→ WHAT YOU NEED TO DO: In the entries that follow, find the line containing "J'avais aussi foutu" and the line containing "入伍誓词:学子当兵更光荣,文", then copy exactly everything from the first through the second except the pictures.

→ MATERIALS PROVIDED:
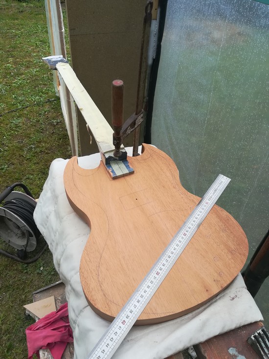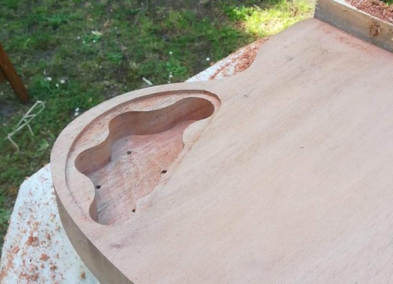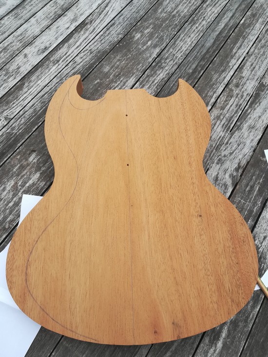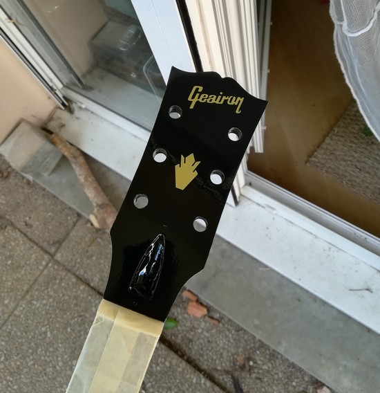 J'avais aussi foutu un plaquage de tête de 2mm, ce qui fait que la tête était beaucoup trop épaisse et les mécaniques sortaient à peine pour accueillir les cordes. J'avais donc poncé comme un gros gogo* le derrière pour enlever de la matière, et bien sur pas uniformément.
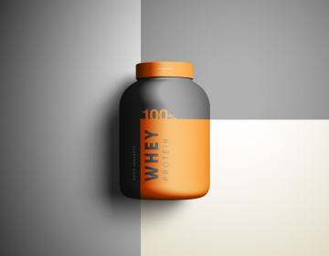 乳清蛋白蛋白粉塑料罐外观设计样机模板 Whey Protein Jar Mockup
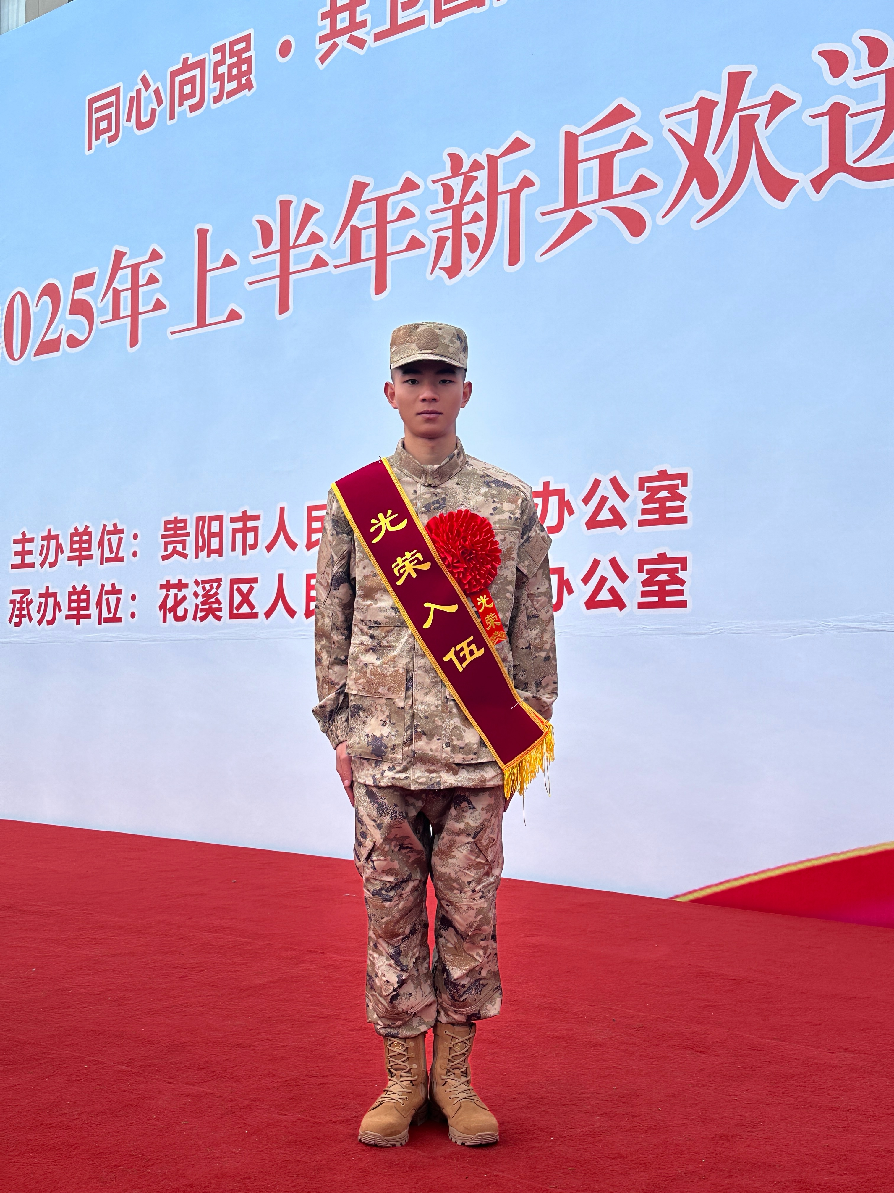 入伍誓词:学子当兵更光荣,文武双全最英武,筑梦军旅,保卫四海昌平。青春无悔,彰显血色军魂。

==

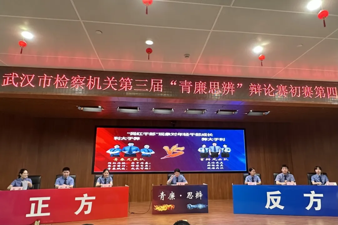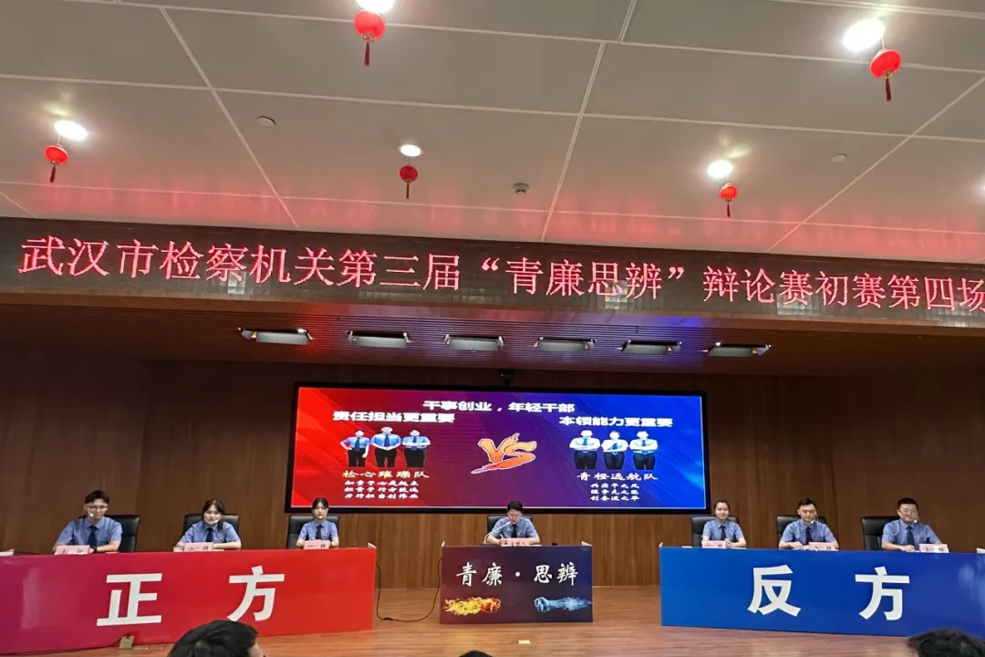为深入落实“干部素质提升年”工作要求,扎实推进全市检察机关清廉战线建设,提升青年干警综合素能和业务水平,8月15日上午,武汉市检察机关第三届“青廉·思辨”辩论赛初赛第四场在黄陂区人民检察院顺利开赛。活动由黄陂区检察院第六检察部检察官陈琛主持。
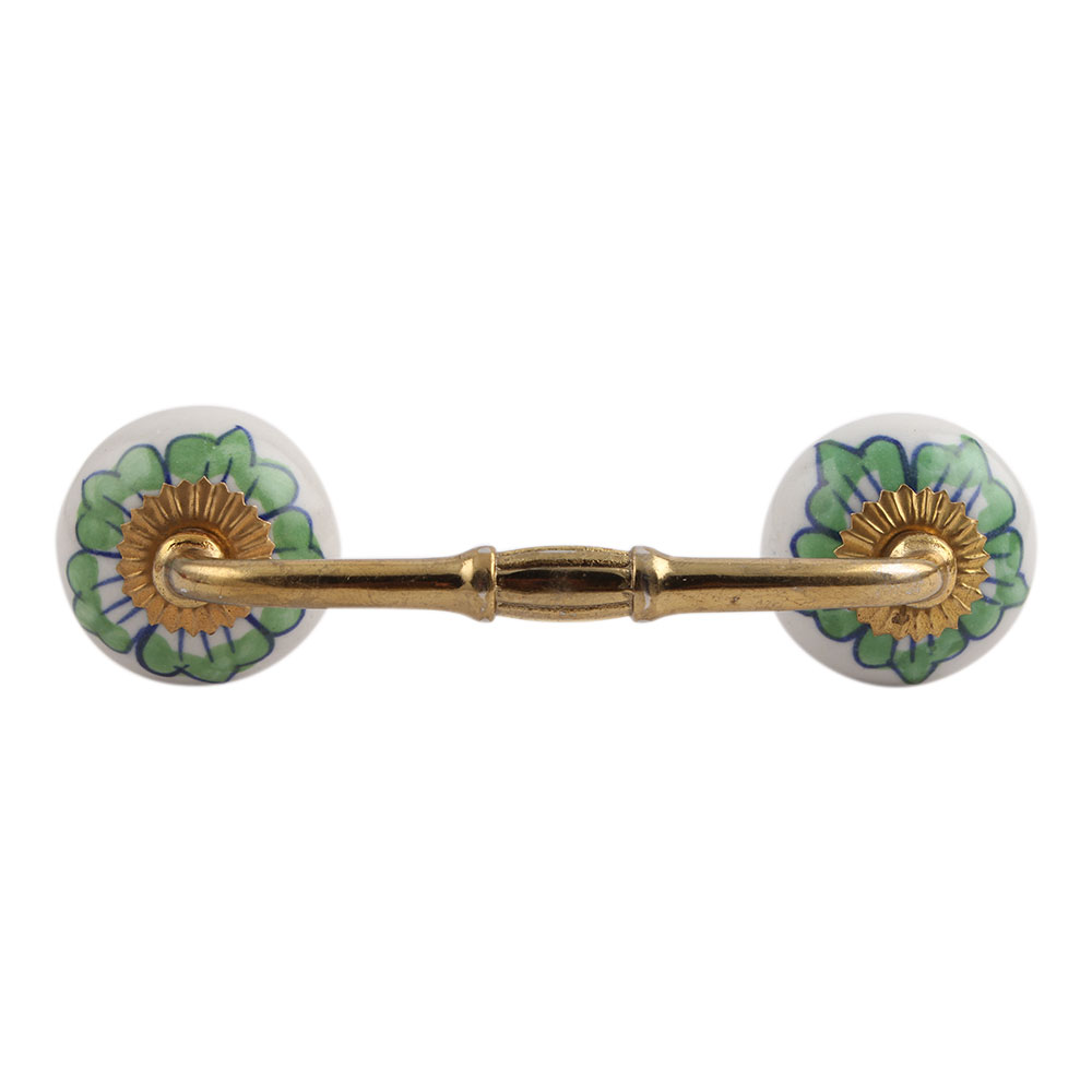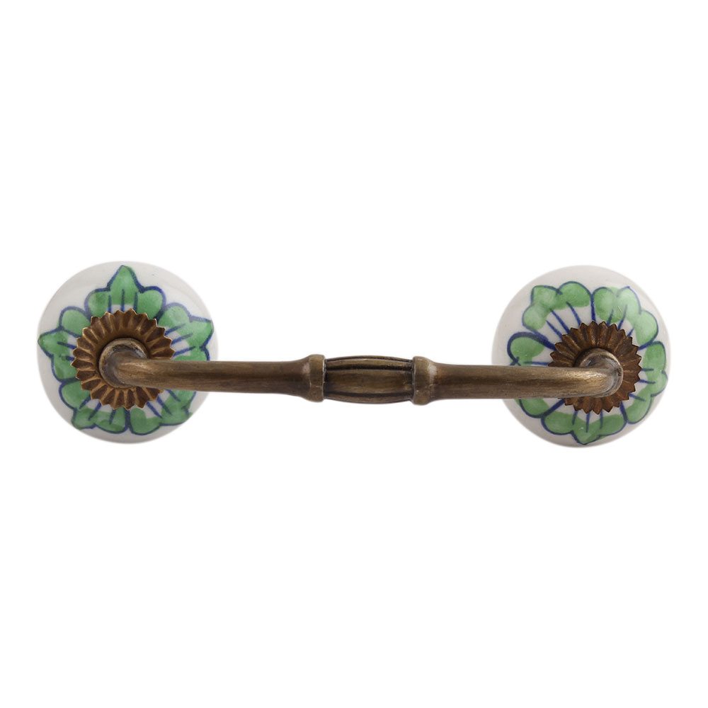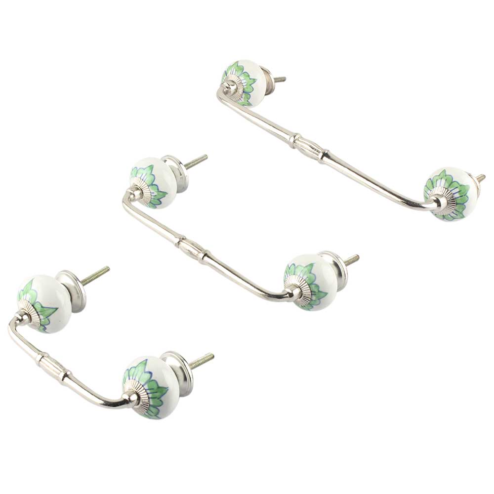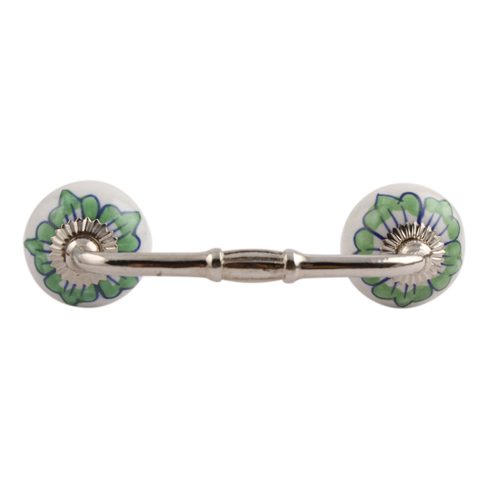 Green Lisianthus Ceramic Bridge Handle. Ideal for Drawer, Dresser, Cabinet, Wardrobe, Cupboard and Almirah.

--

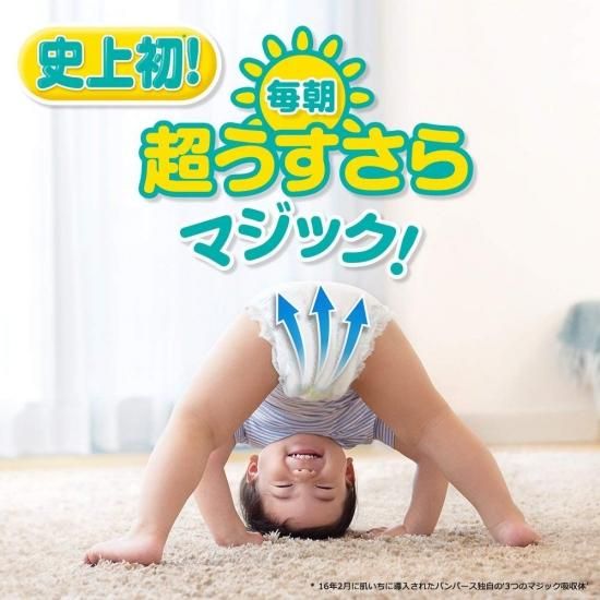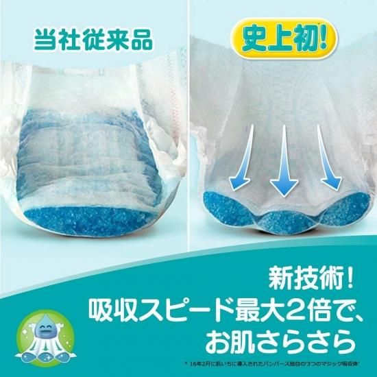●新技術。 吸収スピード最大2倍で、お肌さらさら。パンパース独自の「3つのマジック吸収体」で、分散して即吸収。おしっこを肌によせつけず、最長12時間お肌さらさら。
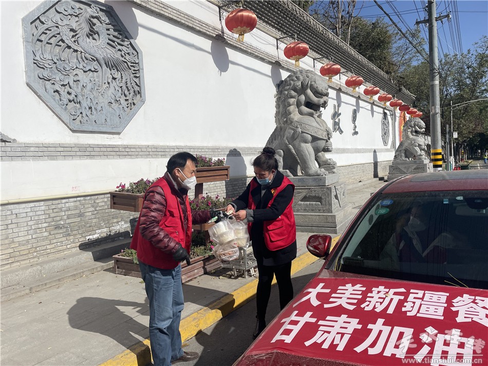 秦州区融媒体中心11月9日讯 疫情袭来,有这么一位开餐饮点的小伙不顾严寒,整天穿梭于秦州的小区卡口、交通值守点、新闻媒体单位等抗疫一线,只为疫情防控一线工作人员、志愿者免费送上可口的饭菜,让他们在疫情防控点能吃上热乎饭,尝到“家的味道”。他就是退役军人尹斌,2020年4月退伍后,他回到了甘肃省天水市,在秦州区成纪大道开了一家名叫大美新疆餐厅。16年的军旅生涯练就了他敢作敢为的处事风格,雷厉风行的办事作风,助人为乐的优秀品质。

→ ANSWER SPACE:
 J'avais aussi foutu un plaquage de tête de 2mm, ce qui fait que la tête était beaucoup trop épaisse et les mécaniques sortaient à peine pour accueillir les cordes. J'avais donc poncé comme un gros gogo* le derrière pour enlever de la matière, et bien sur pas uniformément.
 乳清蛋白蛋白粉塑料罐外观设计样机模板 Whey Protein Jar Mockup
 入伍誓词:学子当兵更光荣,文武双全最英武,筑梦军旅,保卫四海昌平。青春无悔,彰显血色军魂。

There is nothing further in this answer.